# utorrent "crashed and must restart" bug



## keakar (Feb 6, 2008)

has anyone figured out how to fix the random "utorrent has crashed and must restart" bug with utorrent?

it doesnt happen all the time but it has happened on a pretty regular basis and with a completely different set of torrents being downloaded so it is not the torrents causing it and it often takes three to four hours running time before it crashes but then a few times it only took an hour or two before crashing. the computer is almost exclusively idle when these crashes occur so it shouldnt be a computer in use issue. it has crashed with many torrents downloading or just a few so the number of torrents or volume doesnt seem to matter. i have 200gb hdd free and temp files and spyware are purged regularly every day.
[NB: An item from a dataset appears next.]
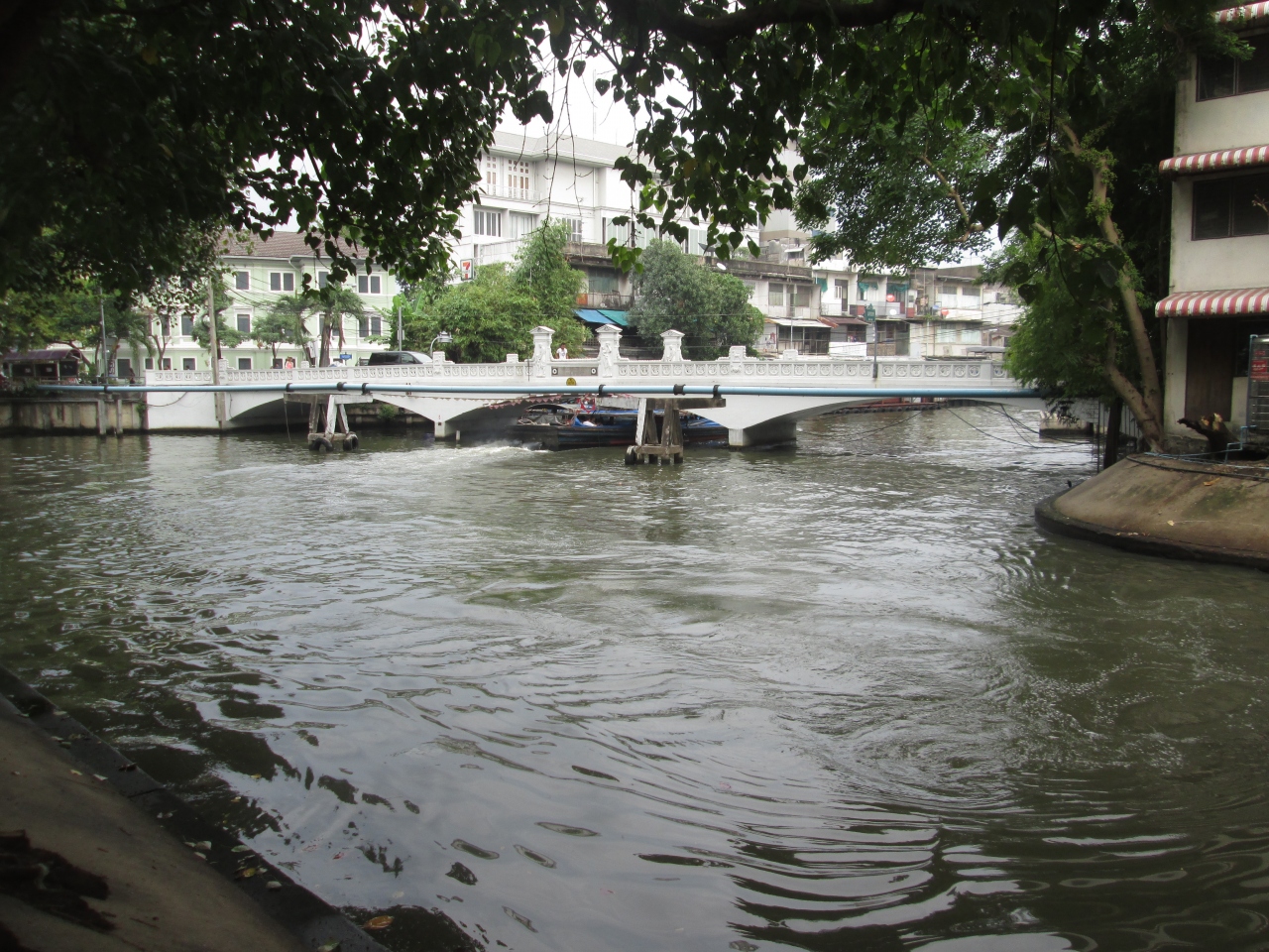 マハカーン砦近くのパーンファー・リーラート船着き場付近にある白い橋です。プラトゥーナーム行きの運河乗合ボート・西路線のボートが通過する橋でもあります。ボートが橋の下をすれすれに通過する貴重な光景を見かけました。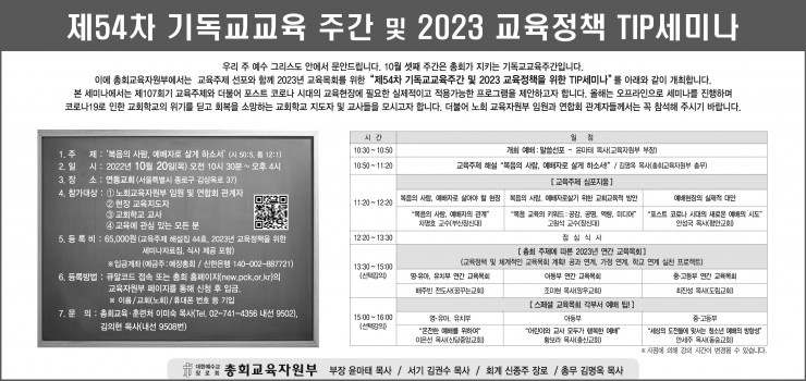 10월 셋째 주간은 총회가 지키는 기독교교육주간입니다. 이에 총회교육자원부에서는 교육주제 선포와 함께 2023년 교육목회를 위한 "제54차 기독교교육주간 및 2023 교육정책을 위한 TIP세미나"를 아래와 같이 개최합니다. 본 세미나에서는 제107회기 교육주제와 더불어 포스트 코로나 시대의 교육현장에 필요한 예배의 실제적이고 적용가능한 프로그램을 제안하고자 합니다. 올해는 오프라인으로 세미나를 진행하며 코로나19로 인한 교회학교의 위기를 딛고 회복을 소망하는 교회학교 지도자 및 교사들을 모시고자 합니다. 더불어 노회 교육자원부 임원과 연합회 관계자들께서는 꼭 참석해 주시기 바랍니다.

i usually turn it on late at night and leave it running overnight only to wake up every morning to find it has crashed right after i go to sleep and is sitting there all night waiting for me to tell it to restart. it keeps saying it has crashed and must do a data dump and do i wish to restart. 

does anyone know how to set up utorrent to stop asking me to restart and just automatically restart by itself without asking permission? why this is not already done automatically i really cannot understand. i mean if your seeding or downloading torrents then why would you ever not want to finish the task you were doing to start with? its frustrating to leave my computer running all night only to find it was idle the whole time because utorrent crashed and it hasnt downloaded anything.

this well known crash bug hasnt been fixed even after several program updates stating it fixed the crash bug yet its still not fixed. 

can anyone tell me what the last known good working version of utorrent was before this random crash bug? was it 1.7.1 or 1.6? maybe returning to an older version is the only way to avoid this problem.


----------



## vega22 (Feb 6, 2008)

1.6


----------